The Clippers’ glut of shot creators/scorers, largely wing-sized, encountered trouble when trying to attack him. He displayed exquisite mobility and change of direction at 6’8, handled his business navigating ball-screens, and refused to concede the ounces of space his assignments sought to seamlessly elevate for comfortable looks, making him one of the Suns’ best on-ball defenders in the series. Plus, there were a couple of the “little plays” — a hallmark of his five-game showing — that resulted in steals. His positional versatility was front and center at various points.

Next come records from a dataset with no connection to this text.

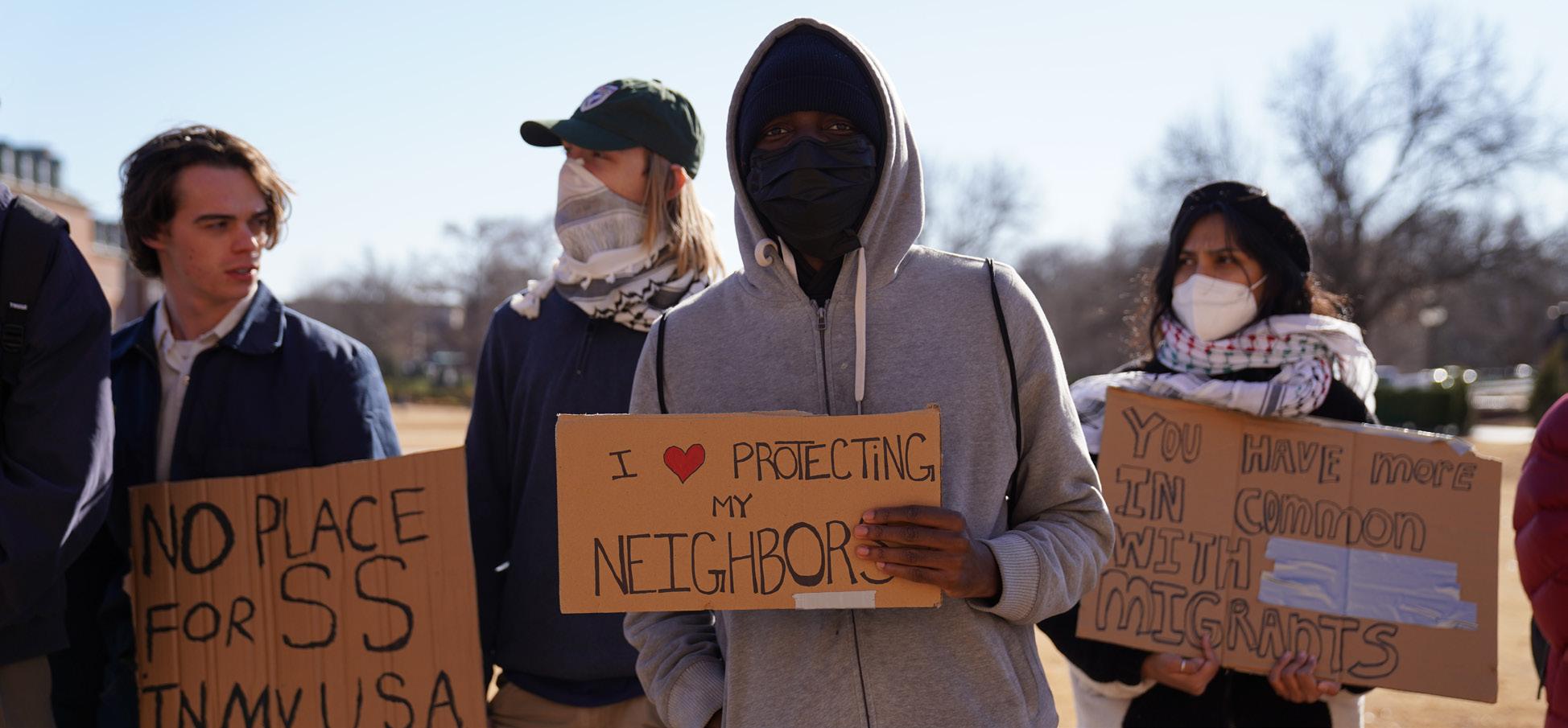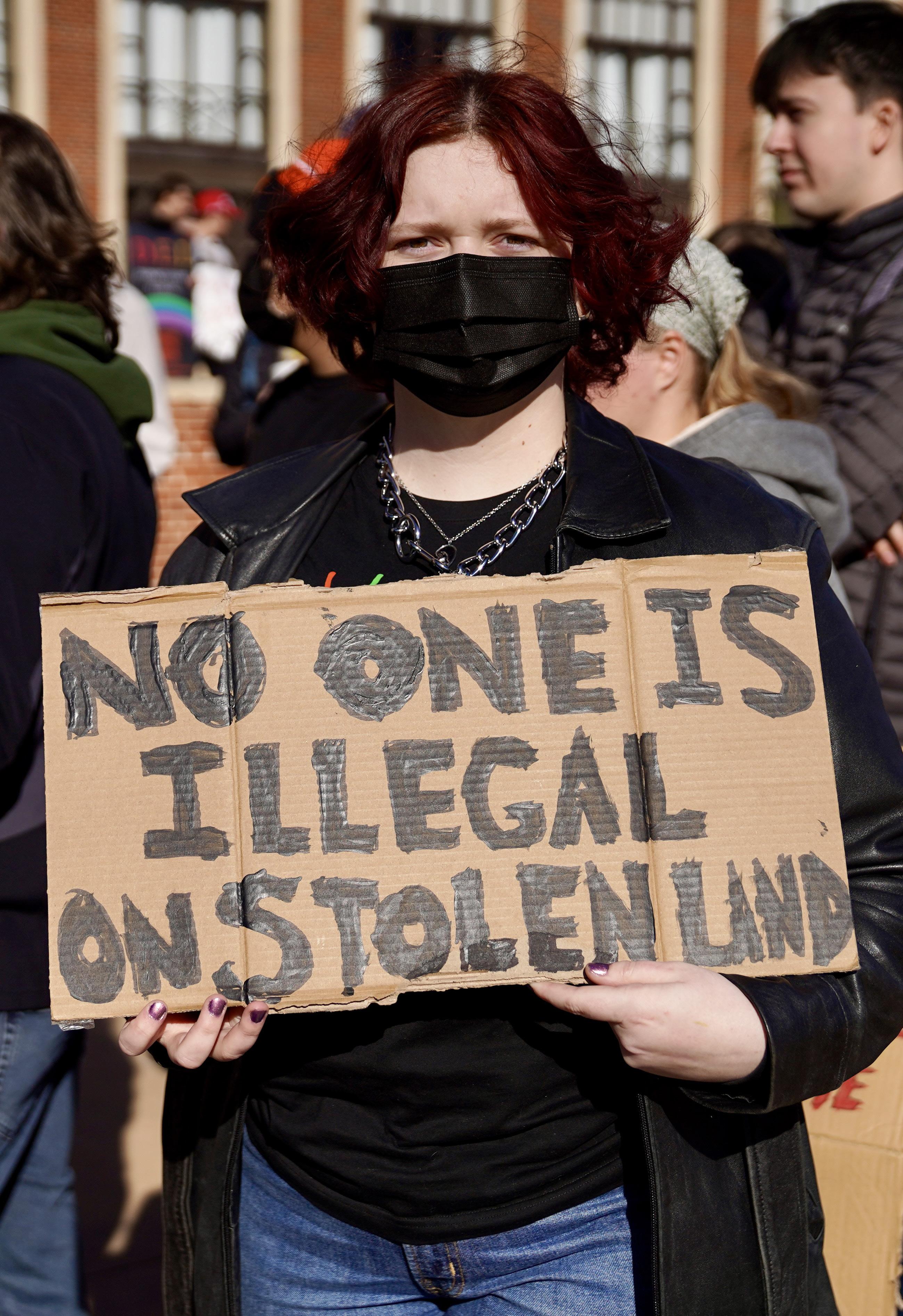 sign reading, “No one is illegal on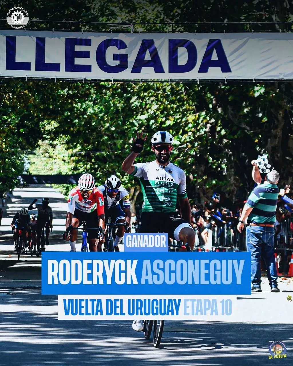 Roderyck Asconeguy ganó la décima y penúltima etapa de la Vuelta Ciclista del Uruguay 2024 que llegó este sábado a Durazno, tras largar en Trinidad.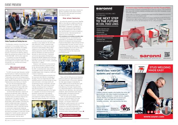www. steelfabme. com / welding-competition. html Overseas pavilions, seminars / technical presentations, live displays and a dedicated vertical for the fastener and fixing industry( Fasteners World Middle East) will also be held at SteelFab 2026. The event will also focus on the software and digital technologies, including artificial intelligence( AI) as well as the move towards sustainability, that are helping to shaping the future of the sheet-metal processing industry.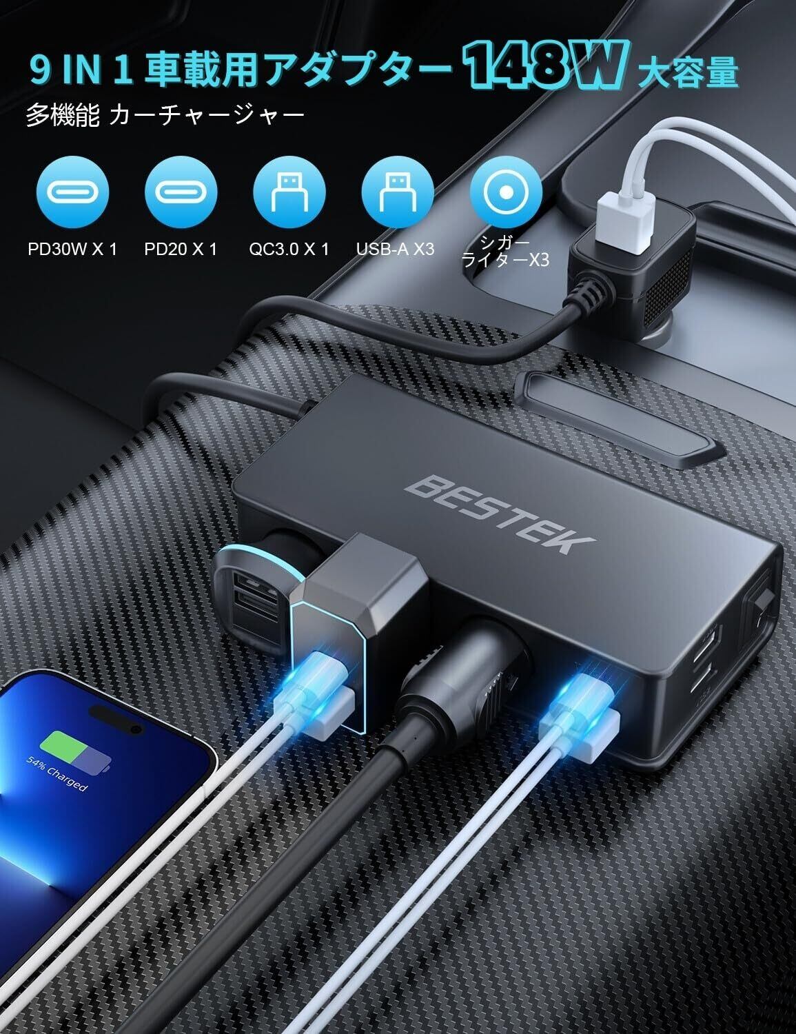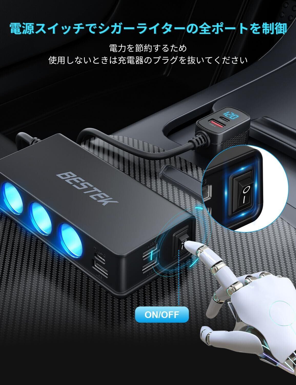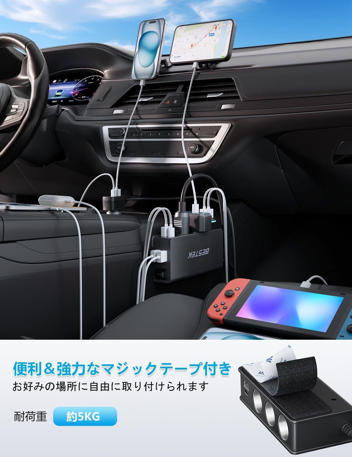 複数デバイスの同時充電: あなたはBESTEKシガーライター分配器を使って、1つのシガーライターから3つのソケットに拡張し、合計180Wまでの電力を使用できます。これにより、最大9台の機器を同時に充電でき、車内のアクセサリーを整理します。

When the final buzzer of Game 6 blared, marking the Suns’ first NBA Finals appearance since 1992-93, storylines justifiably gravitated toward four people: Paul, Booker, Ayton, and Williams. Paul, for a breakthrough 16 years in the making; Booker, for the fortitude of enduring years of dreadful losing to provide the bedrock of the franchise’s turnaround; Ayton, for his rapid maturation and effervescent personality; Williams, for his pivotal role in establishing a winning culture in an organization mired by dysfunctional losing for nearly a decade.
Yet analyzing these playoffs on a round-by-round basis allows one to hone in on smaller samples and intricacies. Every time Johnson took the floor against the Clippers, it felt as though his presence positively cast a wide net, only to be overshadowed by the Booker-Patrick Beverley duel, Paul’s reintegration following his absence due to asymptomatic COVID, and Ayton vs. the Clippers’ small-ball brigade and Ivica Zubac.
Those were understandably the domineering subplots. Johnson’s contributions, though, both in this series and during his two-year NBA tenure, seem like a theme of Phoenix’s rise: a smart, talented player whose optimal fit demanded patience and a bird’s eye view.
Johnson has been a good player since October 2019, but he’s never been worth more to the Suns than he was in the Western Conference Finals. All of the skills that define him as much more than a shooting specialist coalesced to help propel this team to the precipice of its first NBA championship in franchise history. It’s merely another reason all that draft day ridicule was both misguided and hasty. Jones had a vision when he assumed GM duties 27 months ago and the acquisition of few players, if any, reflect that vision better than Johnson.